A wounded soldier is carried through mud during the Battle of Passchendaele
The Duke and Duchess of Cambridge will be among those gathering in Belgium later to mark 100 years since the Battle of Passchendaele began.The offensive - which comprised eight battles - began on 31 July 1917 and lasted until 10 November 1917.
It is estimated to have claimed the lives of 275,000 British Empire troops in the West Flanders region of northern Belgium.
The French lost around 8,500 soldiers, while estimates for German casualties range from 217,000 to 260,000.
The battlefields turned into liquid mud.
The 'Last Tommy', Harry Patch, who died aged 111 in July 2009, was among those who fought in the offensive.
:: Passchendaele - 100 years on from WW1's muddy carnage
The Tyne Cot military cemetery, where the bodies of soldiers of the Commonwealth army lie
Prince Charles, Theresa May and Defence Secretary Sir Michael Fallon will also be attending events in and around Ypres.
At 7pm UK time, a Last Post ceremony will begin at the Menin Gate, which is etched with the names of thousands of missing soldiers.
There will also be events at the Tyne Cot military cemetery on Monday.

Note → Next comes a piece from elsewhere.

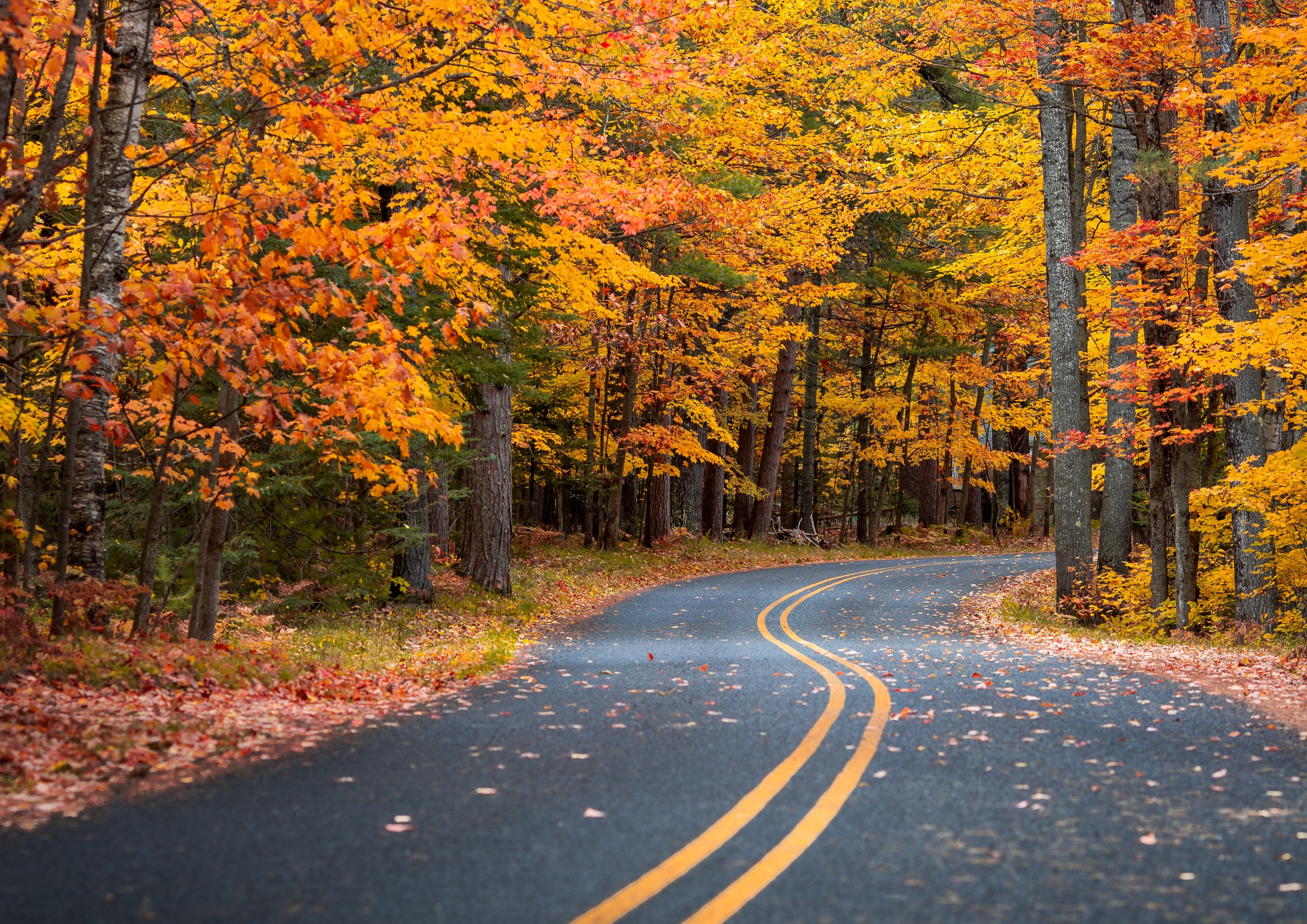Wallpaper Trees, Road, Leaves, forest road, Autumn leaves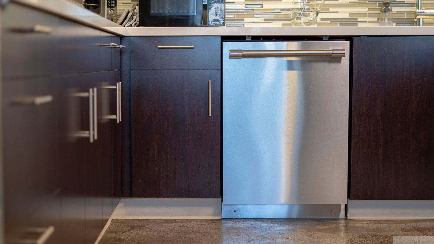 Под панелью навешивается либо декоративная панель, либо мебельный фасад. Частично встраиваемая посудомоечная машина поможет аккуратно вписать ее в кухонный интерьер, оставив на виду только дверцу.

On 31 July 2017 it will be 100 years since the start of the Battle of Passchendaele, between the Britain Empire and its allies and the German Empire, in the First World War
Sir Michael Fallon said: "These services provide us with the time to reflect on the sacrifice not just of the thousands of British and Commonwealth troops who gave their lives, but of the men on all sides who did not return home.
"This was a battle which touched communities across Europe and it is a privilege to be here in Belgium to stand as friends with the representatives of all the countries who took part in the battle - friends who continue to be strong allies."